An article in News Weekly, “John Wayne–Main Street’s Hero,” attempted to assess his appeal: “Wayne’s drawing power is especially potent in small towns, where any of John Wayne’s picture, whether it is new or ten years old, will pack the house.”

Because the Western has always been a “masculine” genre, Wayne’s ardent fans must have been largely males.  A study conducted by the Motion Picture Research Bureau in 1942, based on 2,000 respondents in 45 cities, found that males liked Westerns better than females.

Wayne himself has said that he “played” to men, attempting to make pictures that really appealed to male audiences. This was based on his belief that it was usually men who took women to the movies. Indeed, critics suggest that through Wayne’s films, his male fans have fulfilled their escapist fantasies about action, adventure, and heroism against all odds. As one writer put it: “Adventure film fans know they can expect at least one good fight, and lots of action in any of his films.”

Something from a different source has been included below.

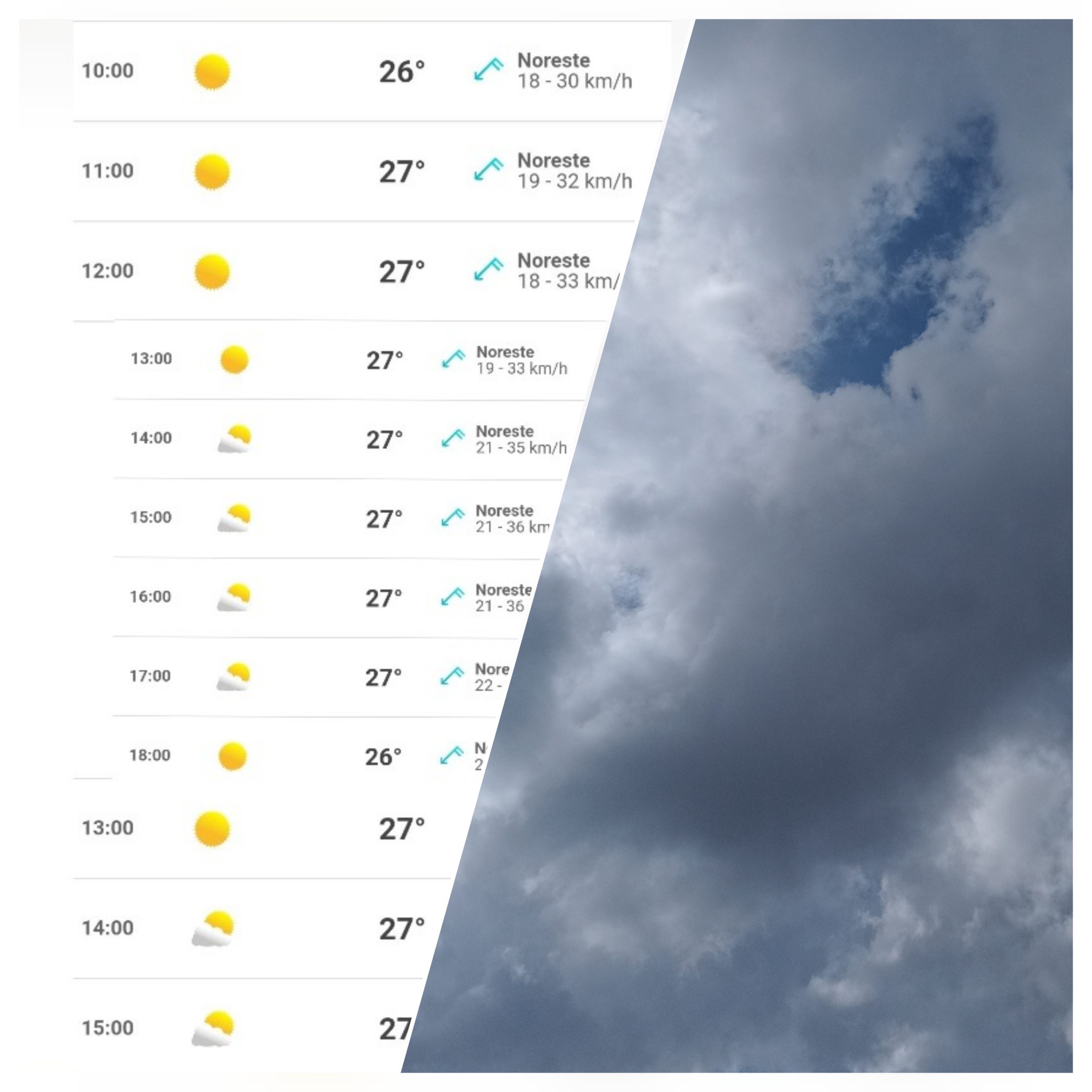 Hay probabilidad del 50% para las lluvias, y una temperatura mayormente entre 26 y 27°C.

Many, however, believed that Wayne appealed to both genders because he played gentlemen on screen. Charles Skouras, the theater magnate, attributed Wayne’s success to the fact that he was one of the few movie stars liked by men, women, and children. “Men regard him as a plain, simple, hard-riding, two-fisted man of action,” Skouras elaborated, “Women find him a shy, kindly protector with an awkward tenderness and latent but super-charged sex potential.” And children “admire the picturesque epic hero of the Western plains, the Air Force, and the Submarine Service.” Ford also held that “Duke stays at the top for the same reason Cooper, Gable, and Stewart stay up there. He’s a clean-cut, good-looking, virile, typically American type.” Wayne was a hero for all members of the family, or as Ford said, “They all like him for a big brother, or a husband, or a pal.”

Wayne was never as handsome as Cooper or Gable, and lacked the explicit sex appeal of Cary Grant or Errol Flynn. Still, he was admired by women who liked the idea that “he doesn’t look like an actor, he looks like a real man,” as one female fan said. During his divorce proceedings from his second wife, his popularity among women increased. The court was mobbed by female admirers, holding up signs that stated, “John Wayne. You Can Clobber Me Any Time You Want,” referring to his wife’s accusations that he had mistreated her.

Joan Didion’s Love Letter to Wayne

Joan Didion recalled in her love letter to the star that she had first seen a Wayne’s movie in 1943, when she was eight years old. She still remembers how Wayne told the heroine (Martha Scott) in War of the Wildcats that he would build her a “house at the bend of the river where the cottonwoods grow.” “Deep in that part of my heart,” Didion writes, “that is still the line I wait to hear.” “When John Wayne rode through my childhood, and perhaps through yours, he determined forever the shape of certain of our dreams.”

For Didion, Wayne’s appeal stemmed from the fact that in a world characterized by doubts and ambiguities, “he suggested another world, one which may or may not have existed ever, but in any case existed no more: a place where a man could move free, could make his own ode and live by it.” Furthermore, when Wayne spoke, “there was no mistaking his intentions; he had a sexual authority so strong, that even a child could perceive it.”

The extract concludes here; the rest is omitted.